Cancer incidence with abdominal pain
In this sample with abdominal pain, the 1-year cumulative incidence of intra-abdominal cancer was higher for men than women, and increased with age (Supplementary Table S3), reaching 3.4% (95% CI = 3.0 to 3.7) and 2.3% (95% CI = 2.1 to 2.5) for men and women, respectively, aged ≥70 years. For all age groups, participants were at greatest risk of colorectal cancer, followed by pancreatic and oesophagogastric cancers (and ovarian cancer for women).

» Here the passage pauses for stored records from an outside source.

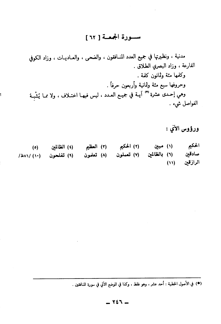وَهِي إِحْدَى عشرَة آيَة فِي جَمِيع الْعدَد لَيْسَ فِيهَا اخْتِلَاف وَلَا مِمَّا يشبه الفواصل شَيْء
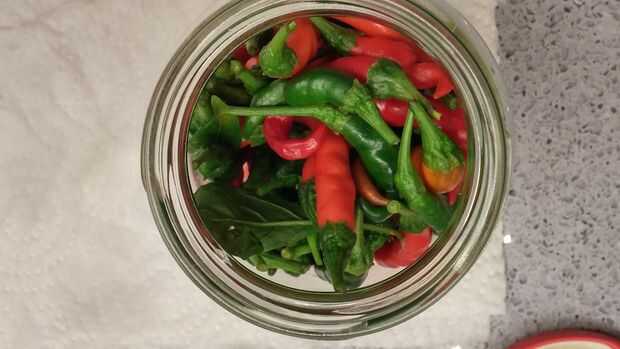 Estaba en un tiro de conserva en vinagre y tiene un poco loco con Decapado lotes grandes de chiles tailandeses y Habaneros. Son algo difíciles de estómago a comer por su cuenta así que me quedé con un problema de qué hacer con ellos. Solución más fác
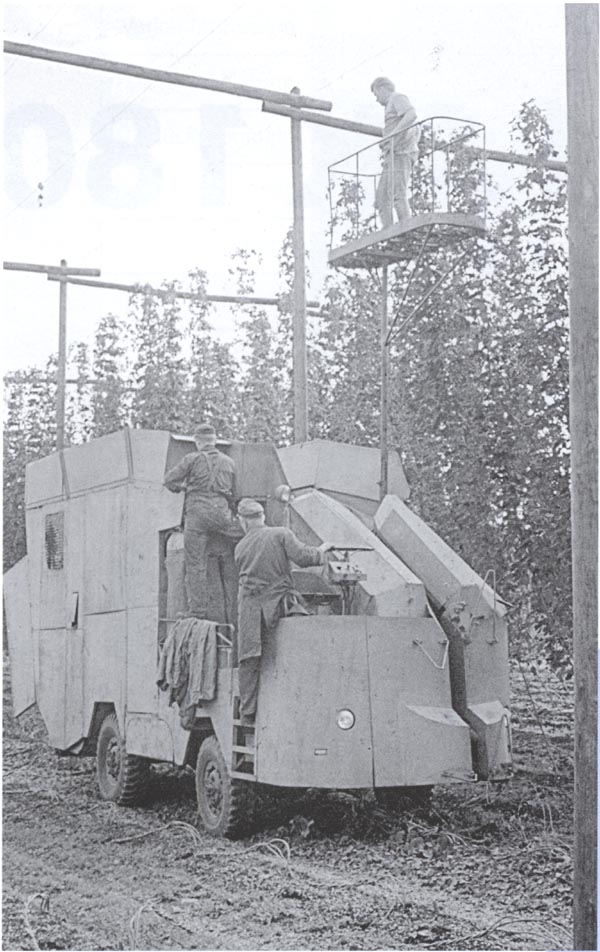 Fahrbare Pflückmaschine im Einsatz bei Geisenfeld (Lkr. Pfaffenhofen a. d. Ilm), 1962. Gebaut von der in Geisenfeld ansässigen Firma Wolf. (Foto: Deutsches Hopfenmuseum Wolnzach)

Bladder, kidney, and liver cancers had the lowest incidence estimates. The 1-year cumulative incidence values in participants with abdominal pain were consistently higher than the population estimates, apart from liver cancer in women aged 40—59 years (Supplementary Table S3).
Composite cancer risk in participants with additional features
Additional features increased cancer risk over that with abdominal pain alone. At 40–59 years (Supplementary Table S4), having an abdominal mass increased colorectal, ovarian, oesophagogastric, or liver cancer risk in women to 7% (95% CI = 2.0 to 17). Weight loss increased colorectal, ovarian, pancreatic, or oesophagogastric cancer risk to 4% (95% CI = 1 to 9) in women and to 4% (95% CI = 2 to 9) in men. Constipation increased colorectal or pancreatic cancer risk to 2.6% (95% CI = 1.5 to 4.2) in men.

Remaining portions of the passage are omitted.